A father can be duped just as easily as a woman can.

What's debatable? I was giving the example of successful arranged marriages, just like you gave the example of a successful marriage where the partners abstained. It was analogous because in your example, the partners refrained from physical contact, and in my example, the partners refrained from all personal contact.

The reason for the example, was to show that ALL scenarios have exceptions---but just because there are exceptions does not mean we should make them the rule.

Wonderful attempt :thumbsup:
I dont remember saying as single thing about dating be unnecessary.
"dating" does not = "having sex"
You MISSED the point. In my analogous example, I was showing how relationships can be successful without [x] factor. In your statements, the [x] factor is pre-marital sex. In my example, the [x] factor is pre-marital contact.

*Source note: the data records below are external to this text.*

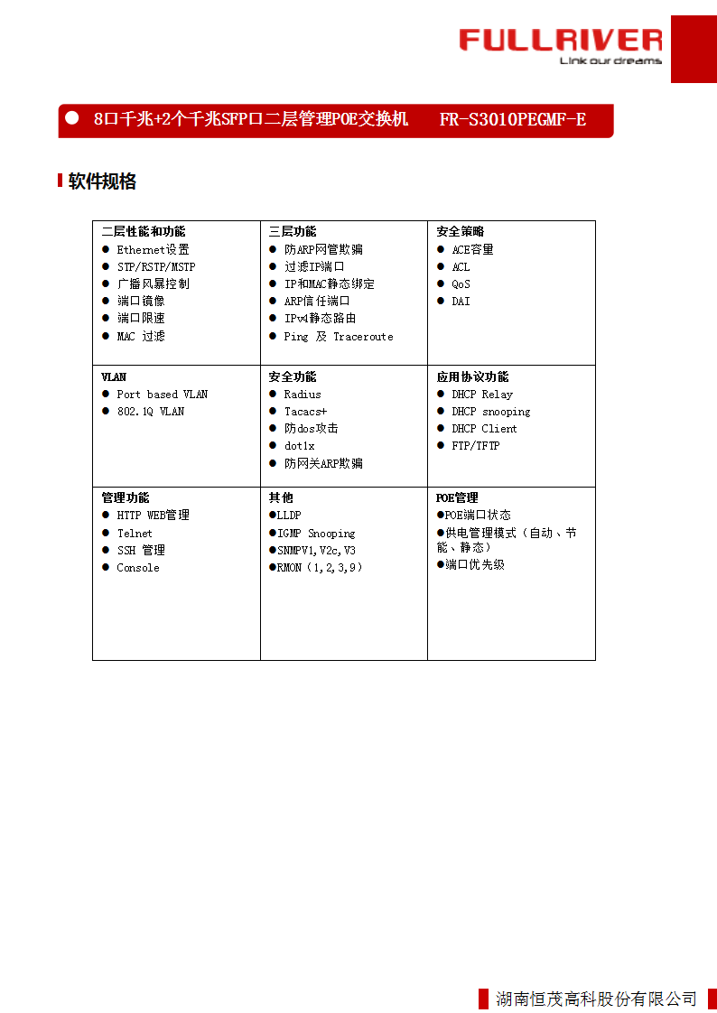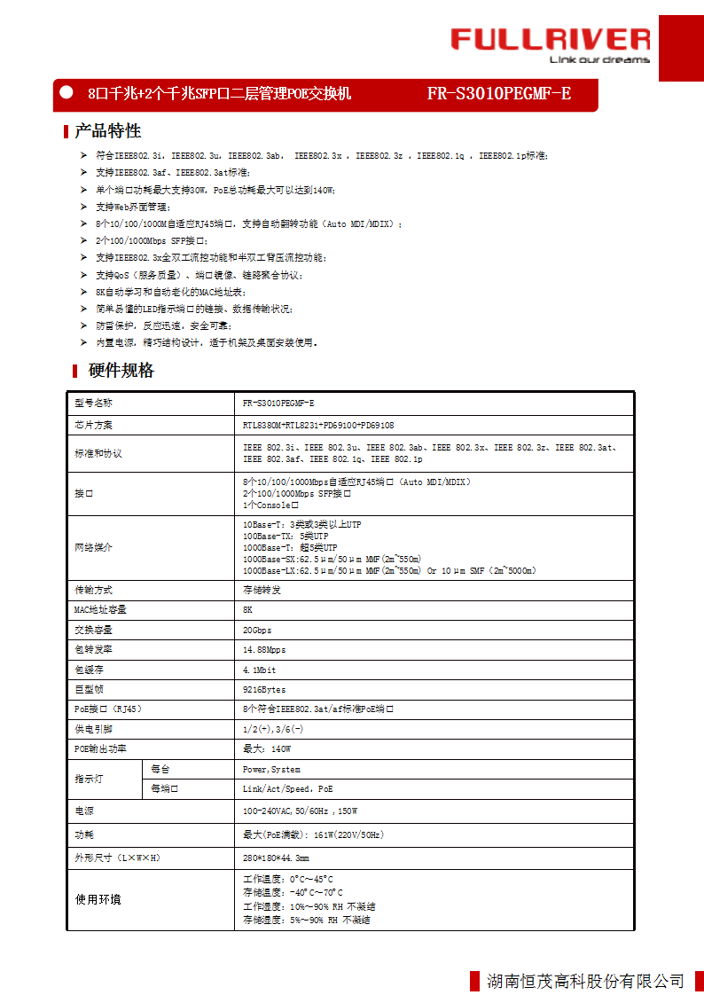 恒茂高科FULLRIVER·8口千兆+2个千兆SFP口二层管理
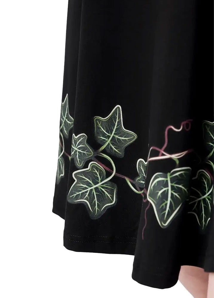 Il giardino di una strega che prende vita. Questo abito botanico scuro avvolge la tua figura in morbido cotone, ornato da rami di edera intrecciati che sembrano muoversi a ogni tuo passo. Pensato per le streghe moderne e per chi ama la moda ispirata alla natura, è un capo audace ma romantico: elegante, deciso e inconfondibilmente "witchy".
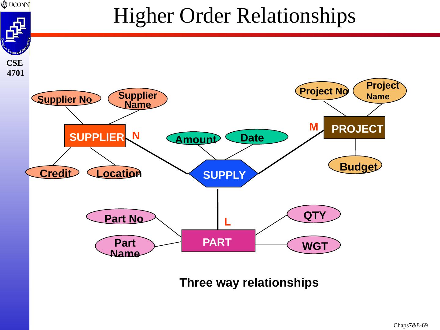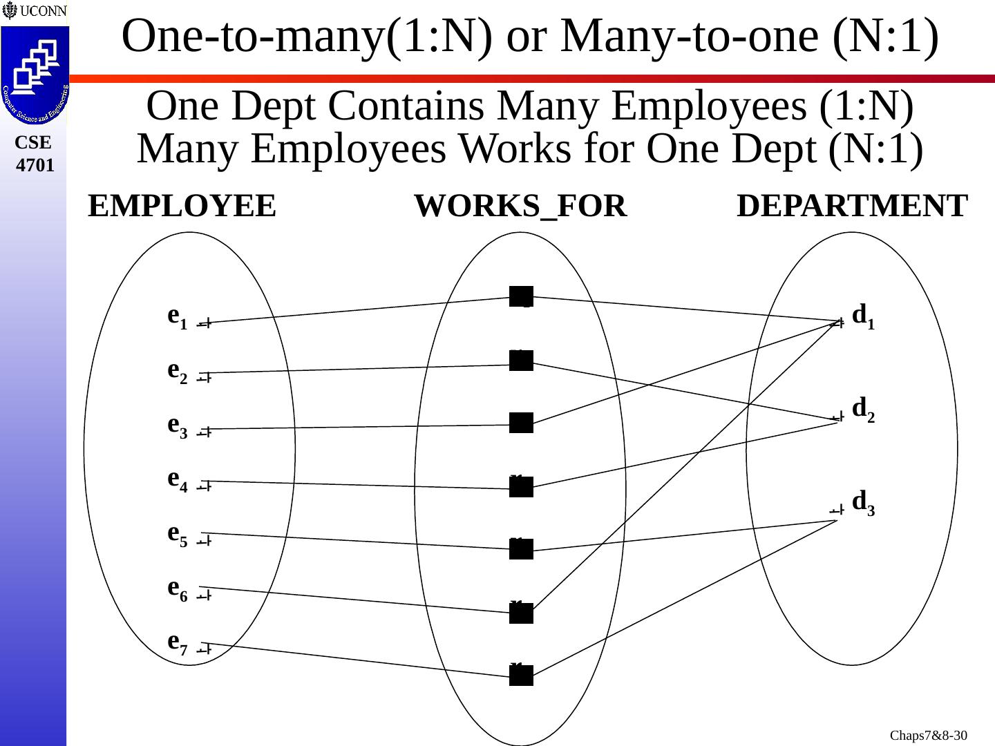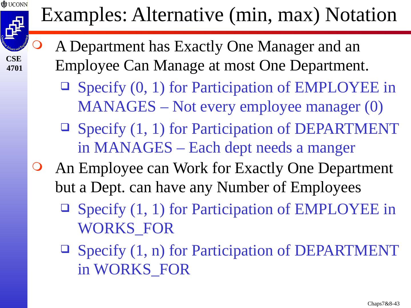 24 .Relationships and Relationship Types Degree of a Relationship Type is the Number of Participating Entity Types Both MANAGES and WORKS_ON are Binary Relationships What is a possible Ternary Relationship? More Than One Relationship Type Can Exist With the Same Participating Entity Types EMPOYEE MANAGES DEPARTMENT and EMPOYEE WORKS_FOR DEPARTMENT Two Distinct Relationships Between EMPLOYEE and DEPARTMENT Entity Types Relationships are Directional SUPPLIES: SUPPLIER to PARTS SUPPLIERS: PARTS to SUPPLIER
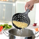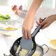 Make spaetzle right over the pot, just like grandma used to do - just easier, using the spaetzle spoon and scraper made of hygienic nylon material. Fits pot sizes from 18 to 24 cm. The soft-grip handle and finger guard make safe work guaranteed. The large flexible dough spatula allows working without residue. After use, clean it in the dishwasher and fasten the spatula in the spoon for storage.
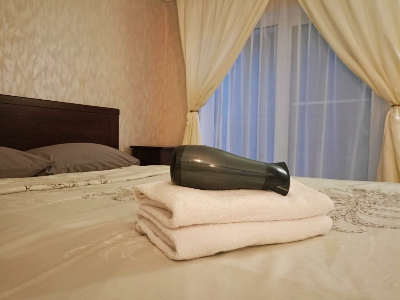 Отличный отель! Удобно расположен, 200 метров от пляжа Алексино (очень чистый, вода прозрачная). Рядом Магнит, столовые, пиццерия. Номер удобный, большой, В номере ТВ, кондиционер, холодильник, очень просторная ванная комната с сушилкой для белья. Приятные, обходительные сотрудники на ресепшене. Если ещё раз приедем в Новороссийск, то жить будем здесь.
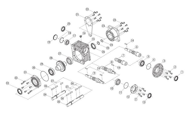 7、第一關次使用NMRV蝸輪蝸桿減速機時,在其運轉150-400小時后更換潤滑油,以后的換油蝸輪減速機周期小于或等于4000小時,定期檢查油的份量和質量,保留足夠潤滑油,及時更換混入雜質或變質的油。
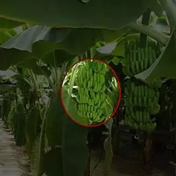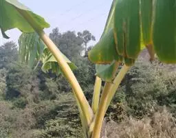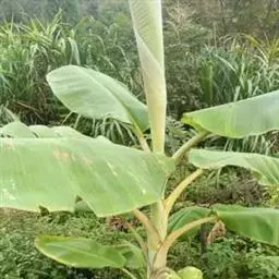 香蕉’),芭蕉科芭蕉属多年生草本植物,植株丛生,有匐匍茎;假茎浓绿有黑色斑点;叶片长圆形,…
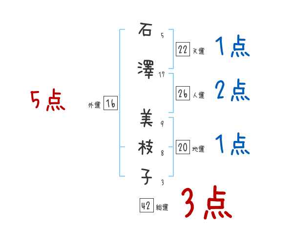 外運![]() | 石澤美枝子さんの外運は16画の5つ星!人望が厚く大きく発展する。逆転成功が見える。 生活面を象徴する運勢です。外部から受ける影響力を表し、結婚運、家庭運や職場、環境への順応性を表します。 |

Im all for a woman taking a LOT of time to get to know a man and watching to see how he acts when she DOESNT give him sex.
Ive seen more than one young woman refuse to 'put out' and watched the gent leave her over not giving in before marriage. His loss.
Yes, and imagine if the "gent" had a worldview that taught him to wait until marriage to have sex, and once he's married his prude wife still refuses to "put out". Of course, you'd think that the couple would have talked about such things before marriage...but stranger things have happened. So now, our "gent" is in a binding legal contract to a woman who he will be unhappy with--and all this heartache could have been avoided had he simply made sure she was right for him beforehand, sexually.

No, you should learn to read.
NOTHING in that post says anything that you seem to be reading into it.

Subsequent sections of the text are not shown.